ICE certainly seem to have customer service licked. I was on holiday some years ago in a group and one guy broke an axle (he rides 1000's of miles and breaks a lot of stuff). We were in France. He rang ICE, and they had a new axle couriered to the hotel we'd be at in two days time. Result, he only missed one day of riding sitting it out in the broom wagon.


----------



## spiro (8 Jan 2012)

starhawk said:


> I have had a Trice Q for a couple of years now and I love it. Shure, they go upp hills you just have to use one gear lower than on a two-wheel crutch-pain. Or you do as I have and convert it to an electric-assisted bike, then going uphill is a lot easier


I would interested to know how you did this, how much it cost and the sort of range.


----------



## starhawk (8 Jan 2012)

spiro said:


> I would interested to know how you did this, how much it cost and the sort of range.

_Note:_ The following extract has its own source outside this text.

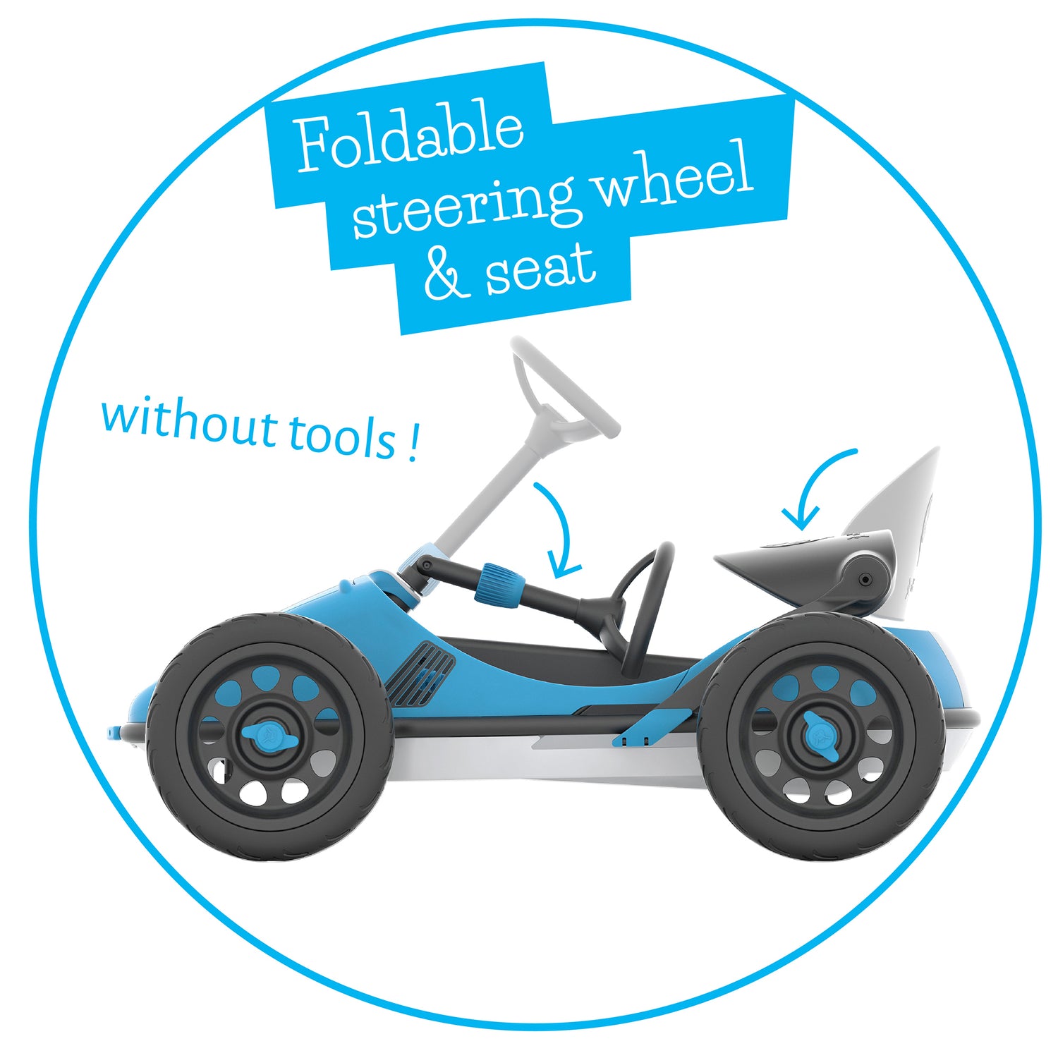 - Foldable for easy storage: the backrest of the seat folds down without tools, you unscrew the steering wheel and the steering column folds down to reduce the size.

Well it wasn't cheap I bought a "kit" which included everything except the battery, can't remember the exact price but it was around £400 and the battery and charger was around £300 if I remember correctly. No manual "how to do it" was included so you have to do the wiring and specialized fittings yourself. The range is very good, I had ridden over 110 km when I noted that the "charge indicator" tended to dive really low when the drive was on, so I recharged it but I believe that it could probably do at least 15 km more before recharging was really required


----------